From This Dish is Veg
A new report conducted by a consortium of conservation groups including the International Fund for Animal Welfare (IFAW), Panthera and the Wildlife Conversation Society (WCS) reveals the unfortunate news that populations of big cats and rare canids are sharply declining due to a multitude of increasing threats.
The study, entitled “The Fading Call of the Wild”, specifically points out over-development of land and direct killing by poachers and other hunting for the steep drop in numbers of wildcats such as lions, cheetahs and snow leopards and wild dogs like the Ethiopia wolf and bush dog face.
The report also offers a solution to this growing crisis, calling for an increase in conservation resources and “swift” policy changes that would particularly result from the passage of the Great Cats and Rare Canids Conservation Act. The Act is being championed by a bi-partisan group of Senators including Joe Lieberman (I-CT), Tom Udall (D-NM), Sam Brownback (R-KS) and Sheldon Whitehouse (D-RI).
The House passed the legislation by a two-thirds majority in April of 2009 and without a rapid response from the Senate the measure will expire later this year.
"Great cats and rare canids are currently suffering from a variety of threats and the positive impact from their protection will no doubt benefit them and many other species," said Jeff Flocken, DC Office Director, IFAW. "The Great Cats and Rare Canids Conservation Act offers viable and valuable methods to ensure a safe future for these majestic animals."
An excerpt from the report provides a glimpse of the findings:
- A century ago there were as many as 200,000 lions living in Africa, today there are fewer than 30,000. Lions are now extinct from 26 countries that they formerly occupied. The single greatest threat to lions is killing by people who own livestock. Herders and ranchers shoot, trap and poison lions across their range.

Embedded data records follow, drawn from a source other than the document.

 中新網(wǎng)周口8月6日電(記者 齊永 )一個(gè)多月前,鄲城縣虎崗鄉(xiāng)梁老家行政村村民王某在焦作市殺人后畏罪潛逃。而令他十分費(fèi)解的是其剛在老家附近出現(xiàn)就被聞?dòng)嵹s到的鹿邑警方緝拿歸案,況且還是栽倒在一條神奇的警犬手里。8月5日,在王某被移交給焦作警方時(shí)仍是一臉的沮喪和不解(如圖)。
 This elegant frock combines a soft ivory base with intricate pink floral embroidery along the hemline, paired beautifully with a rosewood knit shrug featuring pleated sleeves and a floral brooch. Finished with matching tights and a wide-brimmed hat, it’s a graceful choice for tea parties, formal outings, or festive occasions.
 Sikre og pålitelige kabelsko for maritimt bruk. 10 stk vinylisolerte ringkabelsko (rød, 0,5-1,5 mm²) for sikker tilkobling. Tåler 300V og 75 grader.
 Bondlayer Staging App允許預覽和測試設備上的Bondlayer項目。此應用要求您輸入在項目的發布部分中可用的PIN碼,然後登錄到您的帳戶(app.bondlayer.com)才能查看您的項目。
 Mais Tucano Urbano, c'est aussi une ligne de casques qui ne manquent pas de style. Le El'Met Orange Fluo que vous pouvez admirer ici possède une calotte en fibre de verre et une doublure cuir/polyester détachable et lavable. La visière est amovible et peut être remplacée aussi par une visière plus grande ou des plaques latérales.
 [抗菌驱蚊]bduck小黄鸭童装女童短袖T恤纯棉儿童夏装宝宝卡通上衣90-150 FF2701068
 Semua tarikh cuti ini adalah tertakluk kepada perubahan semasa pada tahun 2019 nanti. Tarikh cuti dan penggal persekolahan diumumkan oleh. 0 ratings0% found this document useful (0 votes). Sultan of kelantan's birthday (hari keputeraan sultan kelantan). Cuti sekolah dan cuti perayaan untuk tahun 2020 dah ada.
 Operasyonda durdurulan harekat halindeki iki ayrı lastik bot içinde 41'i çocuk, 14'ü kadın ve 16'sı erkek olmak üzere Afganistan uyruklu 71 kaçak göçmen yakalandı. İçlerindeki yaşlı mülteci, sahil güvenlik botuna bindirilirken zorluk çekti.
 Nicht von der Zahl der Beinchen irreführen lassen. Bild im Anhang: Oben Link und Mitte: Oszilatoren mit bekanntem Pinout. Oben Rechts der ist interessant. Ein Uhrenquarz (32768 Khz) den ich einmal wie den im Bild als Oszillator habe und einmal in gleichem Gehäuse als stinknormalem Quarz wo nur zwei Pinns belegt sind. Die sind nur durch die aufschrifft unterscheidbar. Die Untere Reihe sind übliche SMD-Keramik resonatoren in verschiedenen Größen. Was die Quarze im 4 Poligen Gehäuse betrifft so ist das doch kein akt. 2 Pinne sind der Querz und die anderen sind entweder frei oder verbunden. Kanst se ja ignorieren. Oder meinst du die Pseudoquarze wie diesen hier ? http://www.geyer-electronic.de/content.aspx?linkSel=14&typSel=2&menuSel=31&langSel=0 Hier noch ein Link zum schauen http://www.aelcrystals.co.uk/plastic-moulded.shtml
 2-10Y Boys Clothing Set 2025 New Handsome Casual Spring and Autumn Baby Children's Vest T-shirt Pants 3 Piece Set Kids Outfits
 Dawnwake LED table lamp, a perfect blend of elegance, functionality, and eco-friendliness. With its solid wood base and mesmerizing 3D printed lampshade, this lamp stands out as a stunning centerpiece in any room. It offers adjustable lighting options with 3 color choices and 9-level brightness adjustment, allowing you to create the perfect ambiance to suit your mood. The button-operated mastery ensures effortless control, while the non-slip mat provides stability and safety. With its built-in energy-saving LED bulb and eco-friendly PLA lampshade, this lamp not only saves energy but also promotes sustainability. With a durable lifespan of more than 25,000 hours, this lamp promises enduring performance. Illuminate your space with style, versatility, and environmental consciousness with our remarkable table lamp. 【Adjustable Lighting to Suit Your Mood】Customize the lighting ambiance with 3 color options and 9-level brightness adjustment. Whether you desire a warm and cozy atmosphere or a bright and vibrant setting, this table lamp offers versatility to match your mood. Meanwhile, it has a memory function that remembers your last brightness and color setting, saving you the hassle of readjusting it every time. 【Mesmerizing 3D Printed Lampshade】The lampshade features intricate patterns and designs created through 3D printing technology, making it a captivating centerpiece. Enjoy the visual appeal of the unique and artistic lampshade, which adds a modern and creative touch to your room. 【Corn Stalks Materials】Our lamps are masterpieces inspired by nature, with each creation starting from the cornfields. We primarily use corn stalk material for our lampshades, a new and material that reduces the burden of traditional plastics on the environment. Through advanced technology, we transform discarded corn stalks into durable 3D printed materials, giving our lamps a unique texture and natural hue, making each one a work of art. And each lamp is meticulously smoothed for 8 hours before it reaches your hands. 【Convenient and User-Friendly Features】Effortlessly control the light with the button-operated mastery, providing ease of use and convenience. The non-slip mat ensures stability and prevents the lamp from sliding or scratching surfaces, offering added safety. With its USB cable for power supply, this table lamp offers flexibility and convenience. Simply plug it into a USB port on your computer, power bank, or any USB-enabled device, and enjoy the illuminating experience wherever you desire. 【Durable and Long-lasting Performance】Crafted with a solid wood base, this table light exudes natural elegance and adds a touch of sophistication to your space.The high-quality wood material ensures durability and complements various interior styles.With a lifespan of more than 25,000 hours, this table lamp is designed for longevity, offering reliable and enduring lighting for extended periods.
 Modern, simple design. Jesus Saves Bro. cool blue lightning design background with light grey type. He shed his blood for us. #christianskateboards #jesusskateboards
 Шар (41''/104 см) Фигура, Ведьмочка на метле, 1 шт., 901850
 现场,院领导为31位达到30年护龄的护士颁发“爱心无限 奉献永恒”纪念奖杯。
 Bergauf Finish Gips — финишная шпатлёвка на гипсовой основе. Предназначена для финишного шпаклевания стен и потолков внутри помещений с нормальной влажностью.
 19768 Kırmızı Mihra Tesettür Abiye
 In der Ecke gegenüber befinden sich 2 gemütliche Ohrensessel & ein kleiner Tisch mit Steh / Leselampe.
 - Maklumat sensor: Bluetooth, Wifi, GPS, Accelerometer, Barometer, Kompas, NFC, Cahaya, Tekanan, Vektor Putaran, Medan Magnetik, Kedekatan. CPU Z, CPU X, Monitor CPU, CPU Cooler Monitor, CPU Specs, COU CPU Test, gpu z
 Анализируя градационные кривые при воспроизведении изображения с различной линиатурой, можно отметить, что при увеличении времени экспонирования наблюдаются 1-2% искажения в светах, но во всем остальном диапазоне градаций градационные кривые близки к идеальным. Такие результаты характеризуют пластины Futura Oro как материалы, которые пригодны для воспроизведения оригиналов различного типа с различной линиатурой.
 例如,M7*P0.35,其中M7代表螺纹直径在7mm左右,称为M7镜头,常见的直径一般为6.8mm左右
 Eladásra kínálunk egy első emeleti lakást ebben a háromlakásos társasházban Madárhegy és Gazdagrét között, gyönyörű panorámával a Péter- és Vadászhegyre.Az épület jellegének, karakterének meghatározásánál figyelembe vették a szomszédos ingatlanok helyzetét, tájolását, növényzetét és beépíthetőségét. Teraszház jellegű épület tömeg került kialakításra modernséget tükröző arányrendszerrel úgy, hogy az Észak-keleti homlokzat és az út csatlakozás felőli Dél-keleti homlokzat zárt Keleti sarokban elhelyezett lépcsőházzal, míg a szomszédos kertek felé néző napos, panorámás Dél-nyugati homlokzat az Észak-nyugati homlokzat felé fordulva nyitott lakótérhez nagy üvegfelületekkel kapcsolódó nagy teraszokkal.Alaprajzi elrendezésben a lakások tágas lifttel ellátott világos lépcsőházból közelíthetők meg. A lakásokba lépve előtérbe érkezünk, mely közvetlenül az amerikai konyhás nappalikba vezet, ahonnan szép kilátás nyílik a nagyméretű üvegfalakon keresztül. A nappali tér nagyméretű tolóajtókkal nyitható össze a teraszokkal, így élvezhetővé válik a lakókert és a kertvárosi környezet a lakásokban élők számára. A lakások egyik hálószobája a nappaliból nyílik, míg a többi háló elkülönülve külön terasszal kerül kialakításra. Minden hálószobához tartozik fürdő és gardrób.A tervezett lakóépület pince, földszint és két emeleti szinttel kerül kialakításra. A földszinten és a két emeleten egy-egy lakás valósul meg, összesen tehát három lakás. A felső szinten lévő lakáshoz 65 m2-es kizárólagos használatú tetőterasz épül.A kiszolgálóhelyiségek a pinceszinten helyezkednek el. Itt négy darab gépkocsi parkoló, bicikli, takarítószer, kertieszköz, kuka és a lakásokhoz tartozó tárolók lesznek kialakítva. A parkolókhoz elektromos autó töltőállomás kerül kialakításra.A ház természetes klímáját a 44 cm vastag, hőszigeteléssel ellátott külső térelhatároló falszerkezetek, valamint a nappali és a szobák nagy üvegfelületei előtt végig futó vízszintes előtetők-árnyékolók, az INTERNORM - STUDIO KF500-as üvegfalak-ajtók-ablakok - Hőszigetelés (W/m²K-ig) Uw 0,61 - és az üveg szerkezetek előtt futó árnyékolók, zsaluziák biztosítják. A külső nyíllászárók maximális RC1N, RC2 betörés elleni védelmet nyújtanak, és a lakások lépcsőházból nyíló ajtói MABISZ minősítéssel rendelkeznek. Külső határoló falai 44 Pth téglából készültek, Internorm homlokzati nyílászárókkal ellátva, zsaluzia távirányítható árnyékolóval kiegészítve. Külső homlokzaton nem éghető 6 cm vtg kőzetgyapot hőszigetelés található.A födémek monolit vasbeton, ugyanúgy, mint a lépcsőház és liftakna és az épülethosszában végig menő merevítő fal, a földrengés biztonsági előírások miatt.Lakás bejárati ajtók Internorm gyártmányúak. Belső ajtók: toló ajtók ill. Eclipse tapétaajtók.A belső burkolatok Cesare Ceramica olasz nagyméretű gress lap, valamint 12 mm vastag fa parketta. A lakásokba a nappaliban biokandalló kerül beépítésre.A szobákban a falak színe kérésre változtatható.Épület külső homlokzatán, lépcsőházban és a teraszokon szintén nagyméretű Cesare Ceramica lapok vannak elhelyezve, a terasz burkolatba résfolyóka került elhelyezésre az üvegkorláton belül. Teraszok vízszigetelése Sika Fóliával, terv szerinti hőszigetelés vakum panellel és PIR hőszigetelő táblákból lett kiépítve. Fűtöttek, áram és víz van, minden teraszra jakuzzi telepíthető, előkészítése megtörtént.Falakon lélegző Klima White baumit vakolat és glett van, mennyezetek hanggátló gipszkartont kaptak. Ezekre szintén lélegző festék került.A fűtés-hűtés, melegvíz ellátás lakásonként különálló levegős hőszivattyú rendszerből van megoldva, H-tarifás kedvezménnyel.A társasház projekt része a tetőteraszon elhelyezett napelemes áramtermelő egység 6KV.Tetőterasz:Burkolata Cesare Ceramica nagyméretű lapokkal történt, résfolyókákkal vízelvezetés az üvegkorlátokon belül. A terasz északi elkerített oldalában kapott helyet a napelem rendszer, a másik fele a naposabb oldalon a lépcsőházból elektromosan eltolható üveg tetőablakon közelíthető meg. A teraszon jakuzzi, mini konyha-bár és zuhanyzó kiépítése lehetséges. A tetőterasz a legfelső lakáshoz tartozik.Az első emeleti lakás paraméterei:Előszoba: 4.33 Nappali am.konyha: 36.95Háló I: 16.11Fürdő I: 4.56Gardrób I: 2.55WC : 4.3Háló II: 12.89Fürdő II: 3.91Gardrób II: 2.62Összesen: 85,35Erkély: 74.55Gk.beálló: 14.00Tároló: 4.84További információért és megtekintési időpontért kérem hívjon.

- There are fewer than 500 Darwin's Fox living today. The animal are found only in Chile and their restricted distribution makes them highly vulnerable to extinction. The gentle and curious canids are not fearful of people which contributes to their endangerment, however timber exploration and land development are the two biggest factors that have pushed the animals to the brink.
- There are fewer than 7,000 snow leopards in the wild today. Snow leopard poaching is rampant with their bones and hides frequently confiscated in illegal shipments of wildlife parts bound for markets in China and throughout Asia.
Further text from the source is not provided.